Thanks for any push in the right direction.
Bill
• posted
Amps is a measure of the current flow. So 'amps every second' is not appropriate. If a resistor is dissapating 1.5MW-seconds, we need to know over what time period it dissapates this energy. For example, it could be 1.5 MW of power for 1 second (one heck of a resistor), or it could be 1.5 watts of power over 1 million seconds. Both total 1.5MW-seconds of energy.
With a 2 ohm resistor, 1.5MW of power would require P=I^2*R or I = sqrt(P/R) = sqrt(1500000/ 2) = 866 amps. But if it was over a period of 1 million seconds, 1.5 watts would mean I = sqrt( 1.5/2) = 0.866 amps.
Hope this helps...
daestrom
• posted
Daestrom,
The ON time is a value that I wasn't told (well....sort of). The person that I talked to stated that the resistor had be rated for 1.5M Ws (at 2.3 Ohms) , which I interupted it as being a continous rating of 807 Amps (but that isn't the current rating required due to the fact of it being a dynamic braking application of a 250HP drive). After a few minutes of small talk, I asked how long the load would be applied, he said 6 seconds.
So I decided before I call him back and say, "Hey, do you mean 250kW second?", (250kW x 6s = 1.5M Ws)
• posted
The watt-second rating for a DB resistor is the maximum amount of energy that the device can absorb over a short time period without damage. The energy is stored as heat and transferred to the environment as the resistor cools off over a much longer period. Part of the heat energy is radiated, most is transferred by convection to nearby air.
If the motor has a fixed field, DB current jumps to approximately armature voltage divided by resistor ohms. It then decays toward zero along an exponential curve. If this is a voltage-and-field drive, DB current may be constant until speed drops below base speed ... depending on how the field regulator is set up. After that, current decays exponentially. In either case, DB current changes with time during the stop and the resistor's continuous-duty current rating can be much lower than peak DB current.

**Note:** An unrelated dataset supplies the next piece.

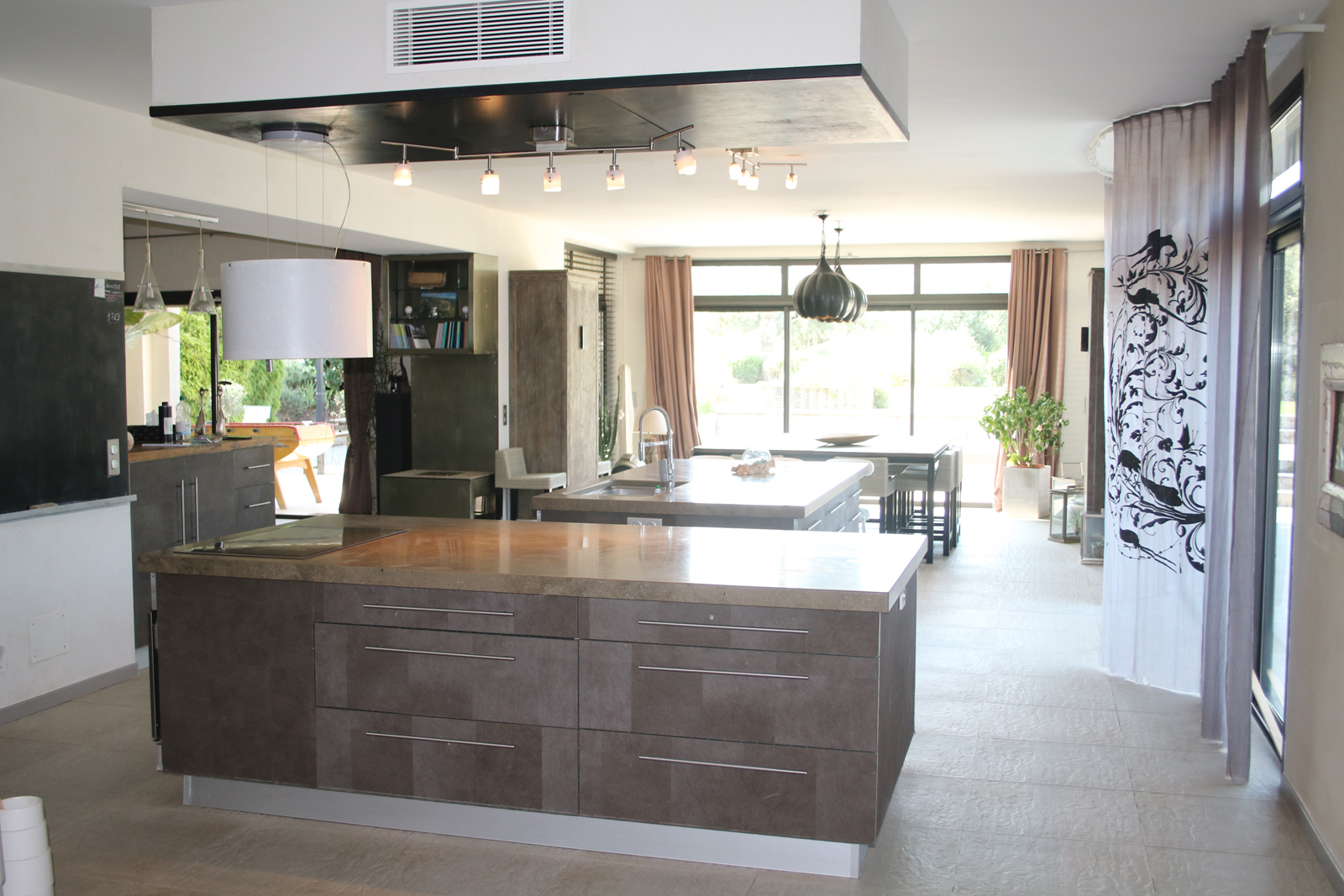 Cuisine ouverte avec machine à glacons, réfrigérateur, four électrique, four micro ondes, plaques à induction, cafetière nespresso, grille pain, bouilloire
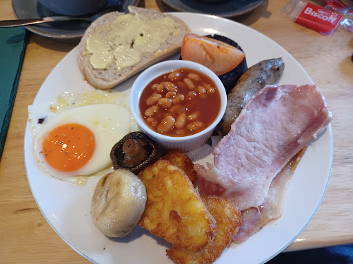 Read moreThis was my 1st visit & the entrance is a bit confusing as the front double doors which are located up a few steps are not in use & there's no signs pointing to the side door which has a sloped incline inside for any pushchairs or wheelchair users. Once inside its quite large with around 15 tables & it wasn't very busy. I bypassed the wait to be seated stand(whoops) & found a table for two,I didn't receive any interaction from any staff on duty.Menu sheets were already placed on the tables & i could understand why only about 5tables were occupied as the variety of options listed are quite expensive,Unsure what to do next ,since the table had no number ,I went to the counter to place my order& got asked did I want to pay ! Place an order was my reply & I got told they would come across so I pointed out my table,Within a few mins a regular Cappuccino, Breakfast Tea & 2 x portions of sourdough toast with added marmalade/Honey order was taken .The drinks didn't take long to arrive & the Cappuccino was a fantastic cuppa, lovely & hot aswel .I did venture to view the wonderful cake stand & it's offerings wile waiting for the food order. Unfortunately there was a very long wait for the toast to arrive infact I would of drunk my coffee long before if I hadn't saved a drop which was now barely warm .The toast was well presented & very tasty but the 2 small slices looked like it was 1 slice cut in half ,very disappointing portions. The toilets were nice & clean,the Gents doubles up as a disabled toilet. Cash or card payments are excepted. From my experience during this visit service timings need to have an significant improvement, Hate to think what the wait would actually of been if the place was...

The resistance is chosen to limit peak current at the beginning of the stop and the watt-second rating is set by how much kinetic energy must be temporarily stored as tolerable temperature rise in the grid. The resistor must be mechanically strong enough to withstand the magnetic forces produced by the high current pulse as well.
Roby
• posted
| The ON time is a value that I wasn't told (well....sort of). The | person that I talked to stated that the resistor had be rated for 1.5M | Ws (at 2.3 Ohms) , which I interupted it as being a continous rating of | 807 Amps (but that isn't the current rating required due to the fact | of it being a dynamic braking application of a 250HP drive). After a | few minutes of small talk, I asked how long the load would be applied, | he said 6 seconds. | | So I decided before I call him back and say, "Hey, do you mean 250kW | second?", (250kW x 6s = 1.5M Ws)
What you need to find out is the actual current during the 6 seconds of braking. That could vary with the motor speed, too, so the worst case could be right at the start (when the resistor is cooler). Merely MWs doesn't give the whole picture. The thermal environment can matter, too, if the resistor will still have residule heat from previous application as now it will start at a higher temperature and decrease your margins. You need to know how often the brakes will be applied.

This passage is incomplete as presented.